Assigned task: Please repeat, exactly as they stand, the line containing "而最新公布的画面是Faker" and the lines after it through the final line of the listing below, minus pictures.

Supplied material:
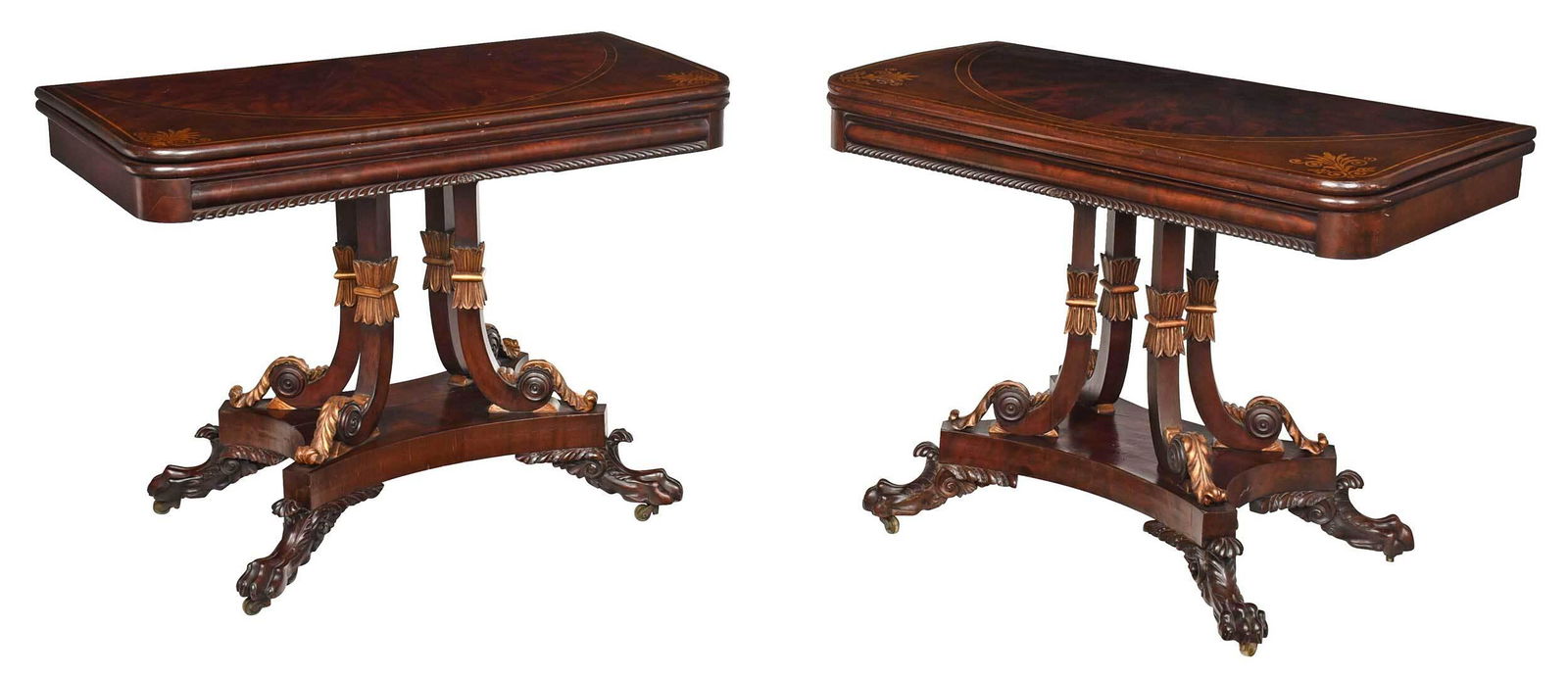 Regency Style Double Pedestal Mahogany Dining Table1 day LeftGeorge III Mahogany Pembroke TableA pair of George IV mahogany card tables, c.1825,Mar 17, 2026American Classical Brass Inlaid Mahogany Fold Over Games TableMar 16, 2026A PAIR OF WILLIAM IV AMBOYNA, EBONY, FLORAL MARQUETRY AND PARCEL GILT CIRCULAR OCCASIONAL TABLES6 days LeftPair American Empire mahogany corner console tables2 days LeftLATE FEDERAL DROP LEAF TABLE WITH A MAHOGANY GAME TABLEMar 06, 2026American Federal Figured Mahogany Games Table3 days LeftFine American Federal Carved & Figured Mahogany Drop Leaf Table3 days LeftANTIQUE CHIPPENDALE MAHOGANY WRITING TABLE.4 hrs LeftAmerican Federal Carved Mahogany Breakfast Table3 days LeftA Regency rosewood, parcel-gilt and brass sofa table, c.1820,Mar 18, 2026Federal Inlaid Mahogany Card Table4 hrs LeftSheraton Mahogany Card Table C1830Mar 07, 2026Handsome American Classical Mahogany Marble Top Center Table3 days LeftAntique American Empire Flame Mahogany Card Table c18402 days Left
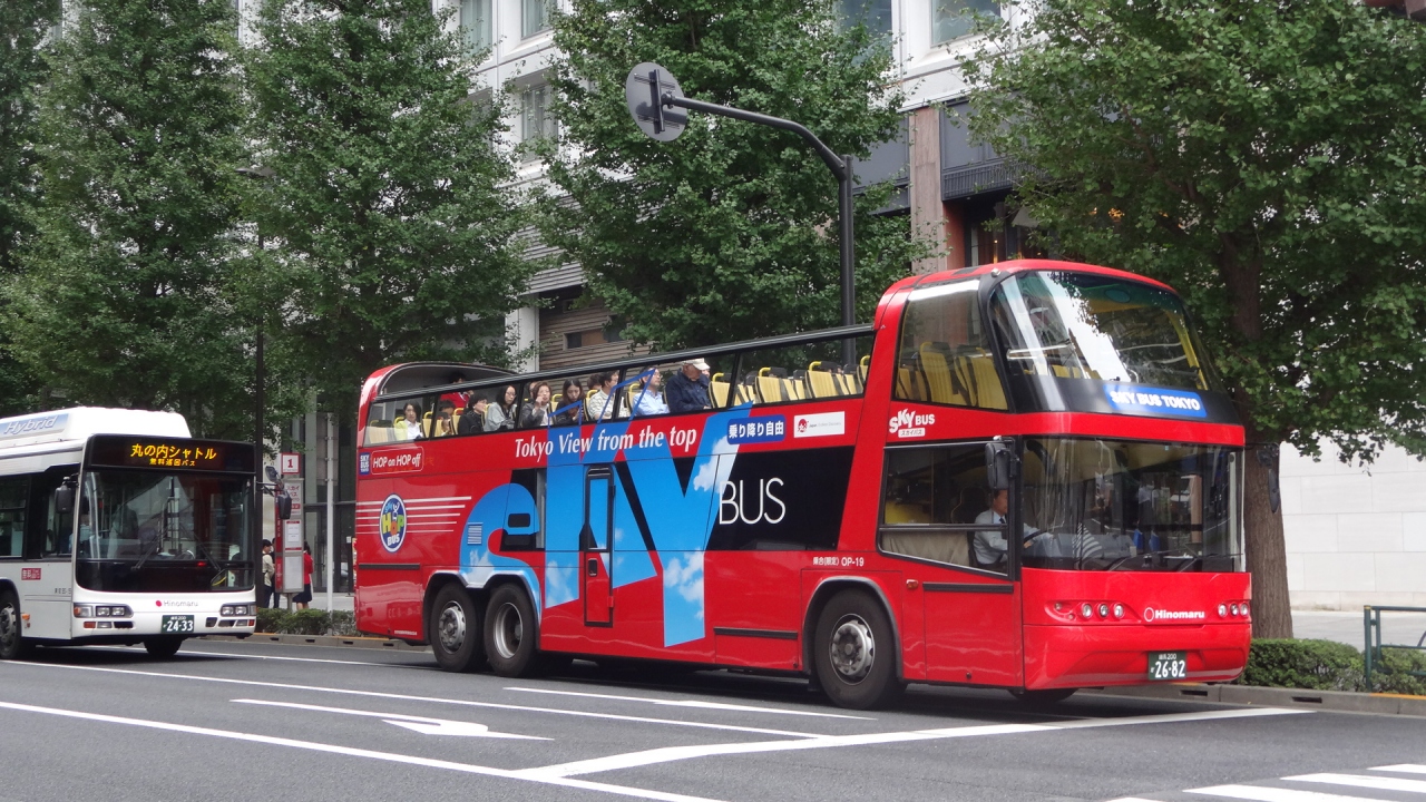 外国の都市を初めて訪れた時は、乗り降り自由の2階建てオープントップバスをよく利用しますが、東京にも同じ赤い2階建の観光バスがあります。それが「スカイバス」です。「皇居・銀座・丸の内コース」に乗車してみました。東京駅丸の内南口の三菱ビルの中にあるチケットカウンターでチケットを購入。1600円です。皇居、国立近代美術館、国立劇場、最高裁判所、国会議事堂、霞が関、銀座と周遊します。約1時間です。スカイバスは「皇居・銀座・丸の内コース」以外にも「東京タワー・レインボーブリッジコース」や「東京スカイツリーコース」もあるので、東京の概略を知るには便利です。外国語のガイダンスもあるので、外国人も多く乗っています。
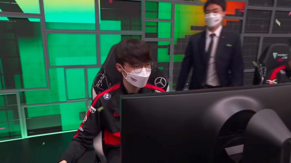 而最新公布的画面是Faker比赛刚结束后戴口罩的一个镜头,结果这个镜头再次引起了观众们的热议。
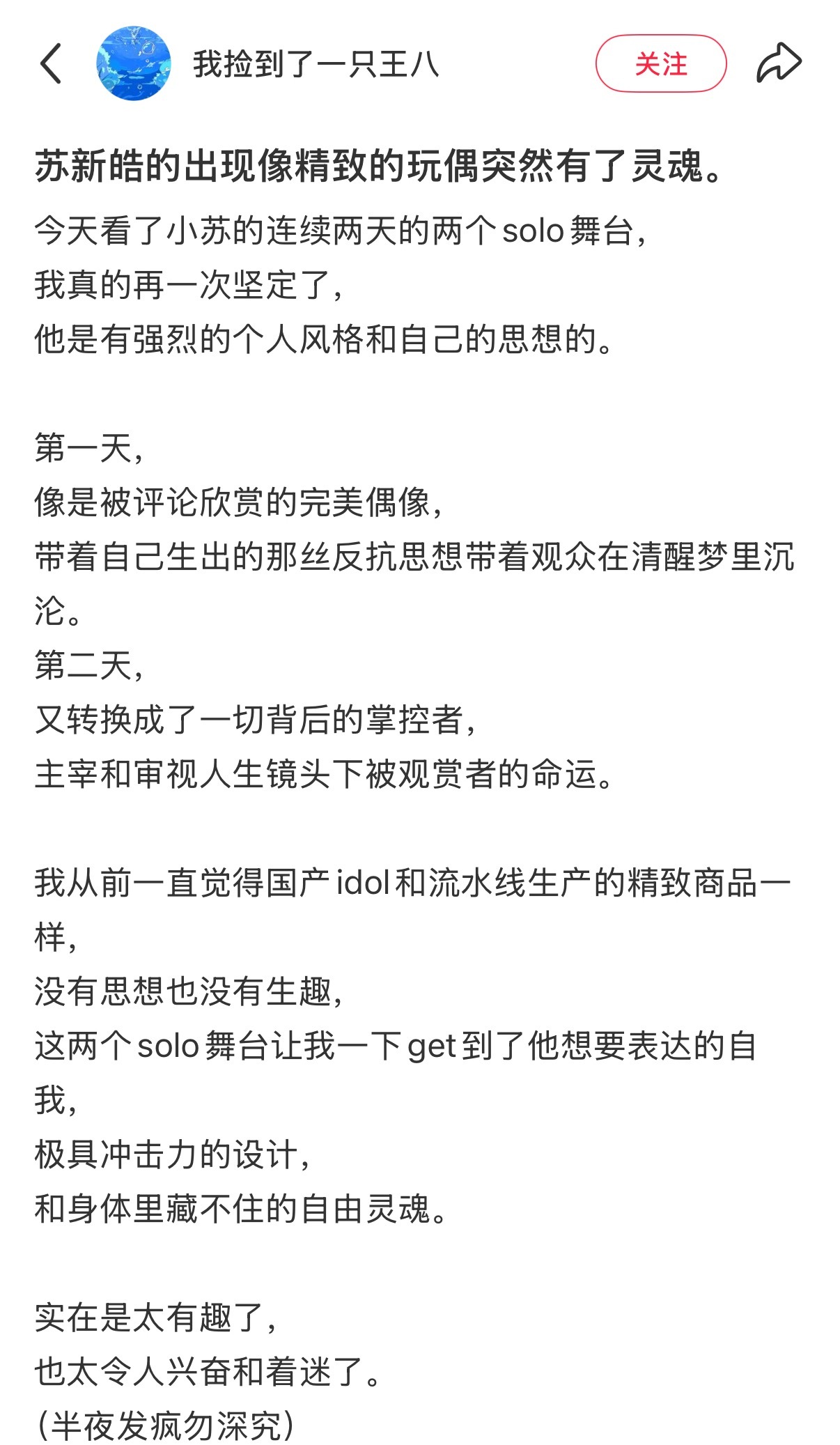 持续收集苏新皓solo舞台解读中,期待一篇深度分析 plq也欢迎分享大家的想法🤲

Written response:
 而最新公布的画面是Faker比赛刚结束后戴口罩的一个镜头,结果这个镜头再次引起了观众们的热议。
 持续收集苏新皓solo舞台解读中,期待一篇深度分析 plq也欢迎分享大家的想法🤲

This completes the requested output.